--- DATA BLOCK Enclosed Below ---

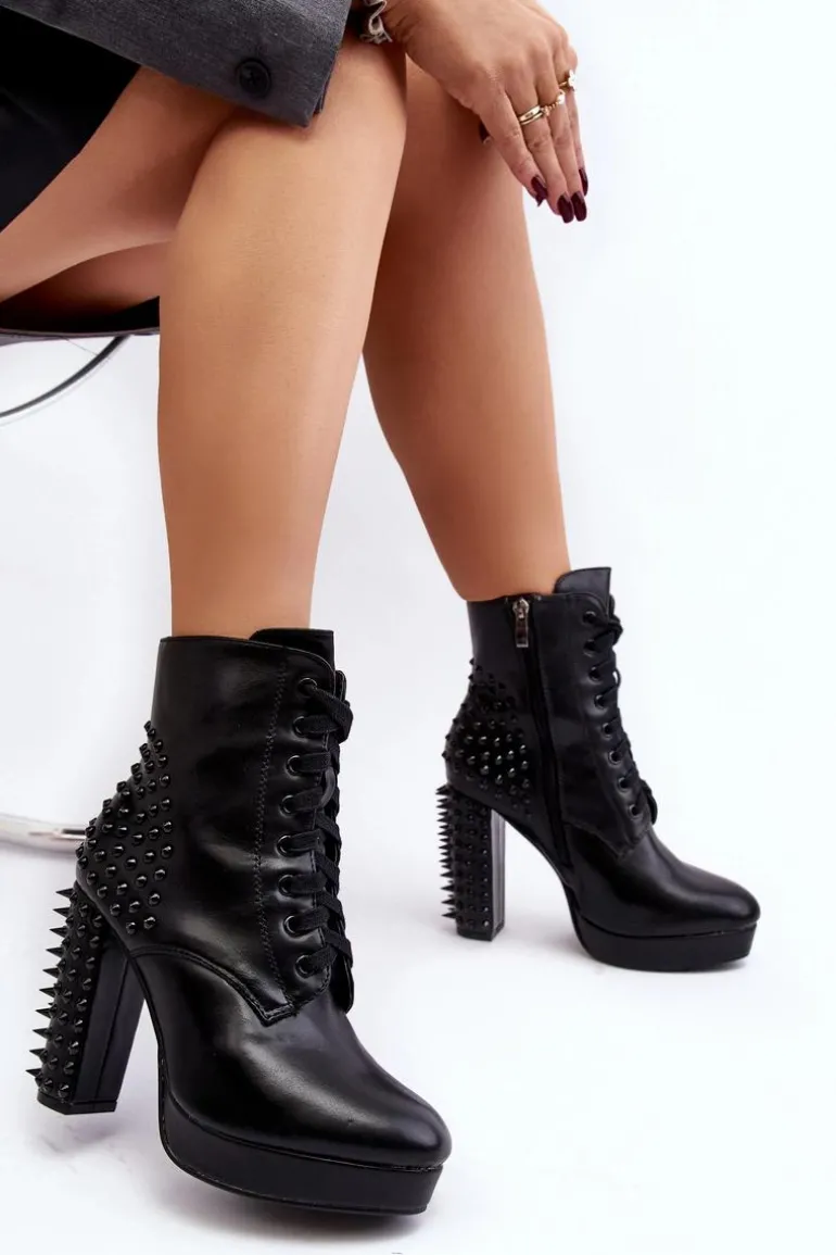Botki damskie wykonane ze skóry ekologicznej. Cholewka oraz obcas są ozdobione ćwiekami, które dodają im wyjątkowego charakteru. Obcas w formie wysokiego słupka i platforma nadają modny i stylowy wygląd. Nie czekaj, aż znikną. Zrób wrażenie nie tylko na sobie, ale również na innych! Przy wyborze rozmiaru prosimy kierować się tabelą rozmiarów
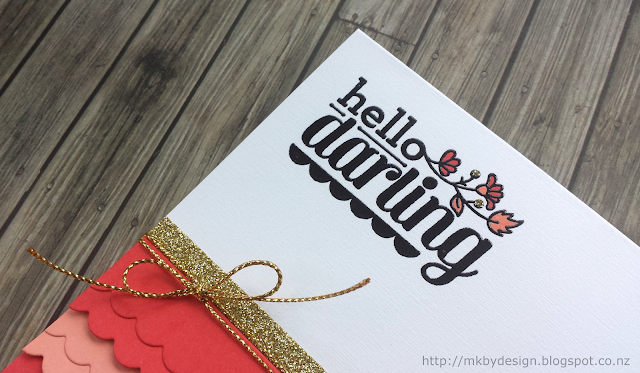 To finish off the card and to add a bit more detail, I tied some Gold Cord Trim around the card front, overlapping the Gold Glimmer Paper and the first Watermelon Wonder scallop trim.
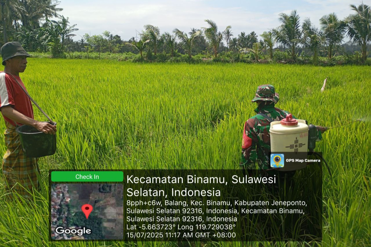 Jeneponto, Aliefmedia.co.id – Di tengah upaya menjaga ketahanan pangan, Babinsa Koramil 01/Binamu Kodim 1425/Jeneponto, Koptu Abidin, menunjukkan aksi nyata dengan mendampingi dan membantu petani melakukan penyemprotan hama tanaman padi di Lingkungan Pacceko, Kelurahan Balang, Kecamatan Binamu, Kabupaten Jeneponto, Selasa, 15/7/2025.

--- End of Enclosed DATA BLOCK ---

» **EXERCISE INSTRUCTIONS**
Reproduce the material above from its first line through the line containing "To finish off", both ends included, and skip every picture.

» **PROBLEM SOLUTION**
Botki damskie wykonane ze skóry ekologicznej. Cholewka oraz obcas są ozdobione ćwiekami, które dodają im wyjątkowego charakteru. Obcas w formie wysokiego słupka i platforma nadają modny i stylowy wygląd. Nie czekaj, aż znikną. Zrób wrażenie nie tylko na sobie, ale również na innych! Przy wyborze rozmiaru prosimy kierować się tabelą rozmiarów
 To finish off the card and to add a bit more detail, I tied some Gold Cord Trim around the card front, overlapping the Gold Glimmer Paper and the first Watermelon Wonder scallop trim.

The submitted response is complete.